REQUIRED ACTION: Every line below between the one holding "Набор прозрачных сумок" and the one holding "杨起帆,北京大学物理学院现代", inclusive, should be copied exactly, and no other line.

RECORDED INFORMATION:
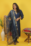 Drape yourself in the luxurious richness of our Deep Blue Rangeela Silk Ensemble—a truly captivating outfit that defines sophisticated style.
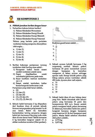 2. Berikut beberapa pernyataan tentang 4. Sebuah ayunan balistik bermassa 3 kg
* * *
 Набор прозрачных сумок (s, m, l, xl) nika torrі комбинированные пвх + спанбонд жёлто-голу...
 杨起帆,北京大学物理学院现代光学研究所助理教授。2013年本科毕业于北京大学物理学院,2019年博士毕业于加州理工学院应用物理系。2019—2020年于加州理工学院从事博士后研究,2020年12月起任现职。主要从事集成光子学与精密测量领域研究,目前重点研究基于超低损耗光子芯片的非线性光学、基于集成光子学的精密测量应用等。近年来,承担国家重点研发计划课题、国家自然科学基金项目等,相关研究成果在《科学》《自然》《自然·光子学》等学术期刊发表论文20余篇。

ANSWER TO THE PROBLEM:
 Набор прозрачных сумок (s, m, l, xl) nika torrі комбинированные пвх + спанбонд жёлто-голу...
 杨起帆,北京大学物理学院现代光学研究所助理教授。2013年本科毕业于北京大学物理学院,2019年博士毕业于加州理工学院应用物理系。2019—2020年于加州理工学院从事博士后研究,2020年12月起任现职。主要从事集成光子学与精密测量领域研究,目前重点研究基于超低损耗光子芯片的非线性光学、基于集成光子学的精密测量应用等。近年来,承担国家重点研发计划课题、国家自然科学基金项目等,相关研究成果在《科学》《自然》《自然·光子学》等学术期刊发表论文20余篇。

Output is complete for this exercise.